Pretrained Models¶
Performing inference using pretrained models in Pythia is easy. Pickup a pretrained model from the table below and follow the steps to do inference or generate predictions for EvalAI evaluation. This section expects that you have already installed the required data as explained in quickstart.

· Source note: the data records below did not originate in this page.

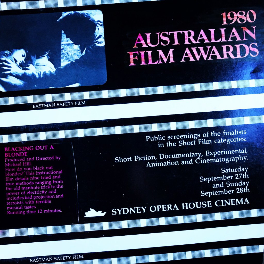 I have made a few independent art films…this is one of them, BLACKING OUT A BLONDE…screened at the Sydney Film Festival and the 1980 Australian Film Awards…that’s Jane Campion playing one of the many blondes in my film. She’s not too happy about the guy trying to kiss her on the knee…so she is going to whack him on the head with her bag!My film BLACKING OUT A BLONDE was screened at the Sydney Opera House..in competition for the 1980 Australian Film Awards!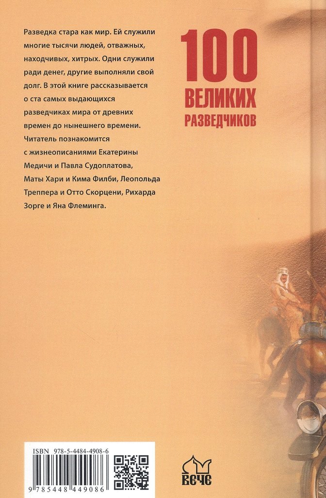 Описание 100  великих разведчиков Все описание Разведка стара как мир. Ей служили многие тысячи людей, отважных, находчивых, хитрых. Одни служили ради денег, другие выполняли свой долг. В этой книге р... Показать описаниеассказывается о ста самых выдающихся разведчиках мира от древних времен до нынешнего времени. Читатель познакомится с жизнеописаниями Екатерины Медичи и Павла Судоплатова, Маты Хари и Кима Филби, Леопольда Треппера и Отто Скорцени, Рихарда Зорге и Яна Флеминга.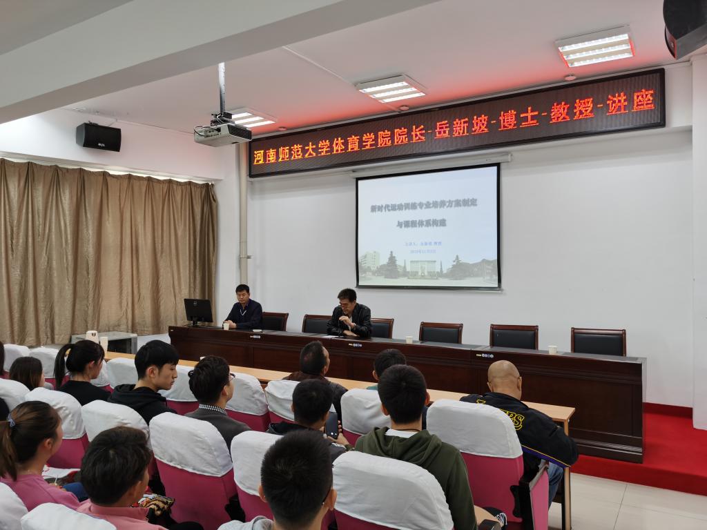 2019年11月3日下午3:00,必赢举行不忘初心牢记使命主题教育活动,特邀河南师范大学必赢242net官网副院长岳新坡教授为必赢师生作了“新时代运动训练专业培养方案制定与课程体系构建”的专业学术讲座。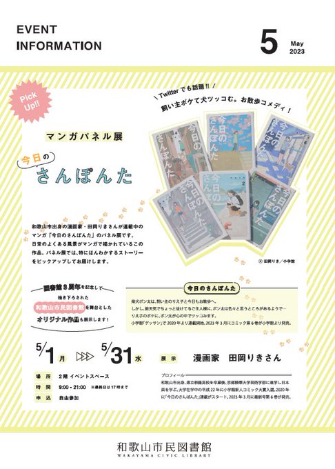 【告知】地元和歌山の図書館で「今日のさんぽんた」の展示をやっていただくことになりました! 5/1〜5/31です! 描き下ろしマンガもあります! wakayama.civic-library.jp/event/exhibiti…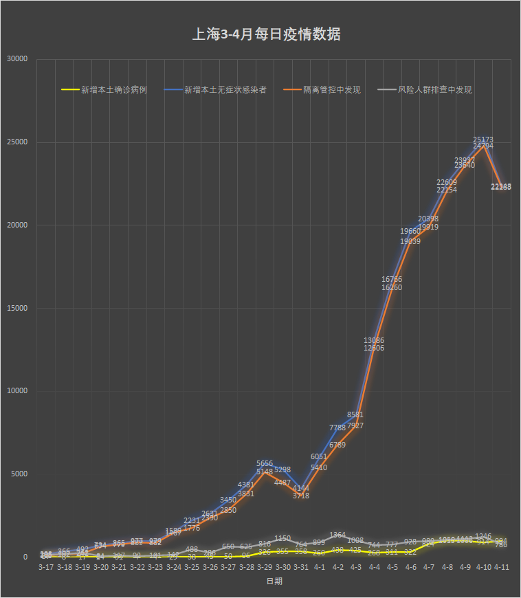 财联社4月12日电,①上海市卫健委今早(12日)通报:2022年4月11日0—24时,上海新增本土新冠肺炎确诊病例994例和无症状感染者22348例,其中273例确诊病例为此前无症状感染者转归,439例确诊病例和21844例无症状感染者在隔离管控中发现,其余在相关风险人群排查中发现。

Model | Model Key | Supported Datasets | Pretrained Models | Notes |
Pythia | pythia | vqa2, vizwiz, textvqa, visual_genome, | vqa2 train+val, vqa2 train only, vizwiz | VizWiz model has been pretrained on VQAv2 and transferred |
LoRRA | lorra | vqa2, vizwiz, textvqa | textvqa | |
CNNLSTM | cnn_lstm | clevr | Features are calculated on fly in this on | |
BAN | ban | vqa2, vizwiz, textvqa | Coming soon! | Support is preliminary and haven’t been tested throughly. |
BUTD | butd | coco | coco |
Now, let’s say your link to pretrained model model
is link
(select from table > right click > copy link address), the respective config should be at
configs/[task]/[dataset]/[model].yml
. For example, config file for vqa2 train_and_val
should be
configs/vqa/vqa2/pythia_train_and_val.yml
. Now to run inference for EvalAI, run the following command.
cd ~/pythia/data
mkdir -p models && cd models;
# Download the pretrained model
wget [link]
cd ../..;
python tools/run.py --tasks [task] --datasets [dataset] --model [model] --config [config] \
--run_type inference --evalai_inference 1 --resume_file data/[model].pth
If you want to train or evaluate on val, change the run_type
to train
or val
accordingly. You can also use multiple run types, for e.g. to do training, inference on
val as well as test you can set --run_type
to train+val+inference
.
if you remove --evalai_inference
argument, Pythia will perform inference and provide results
directly on the dataset. Do note that this is not possible in case of test sets as we
don’t have answers/targets for them. So, this can be useful for performing inference
on val set locally.
Table below shows evaluation metrics for various pretrained models:
Model | Dataset | Metric | Notes |
Pythia | vqa2 (train+val) | test-dev accuracy - 68.31% | Can be easily pushed to 69.2% |
Pythia | vqa2 (train) | test-dev accuracy - 66.7% | |
Pythia | vizwiz (train) | test-dev accuracy - 54.22% | Pretrained on VQA2 and transferred to VizWiz |
LoRRA | textvqa (train) | val accuracy - 27.4% | |
BUTD | coco (karpathy-train) | BLEU 1 - 76.02, BLEU 4- 35.42
METEOR- 27.39, ROUGE_L- 56.17
CIDEr - 112.03, SPICE - 20.33
|
Beam Search(length 5), Karpathy test split |
Note for BUTD model : For training BUTD model use the config butd.yml
. Training uses greedy decoding for validation. Currently we do not have support to train the model using beam search decoding validation. We will add that support soon. For inference only use butd_beam_search.yml
config that supports beam search decoding.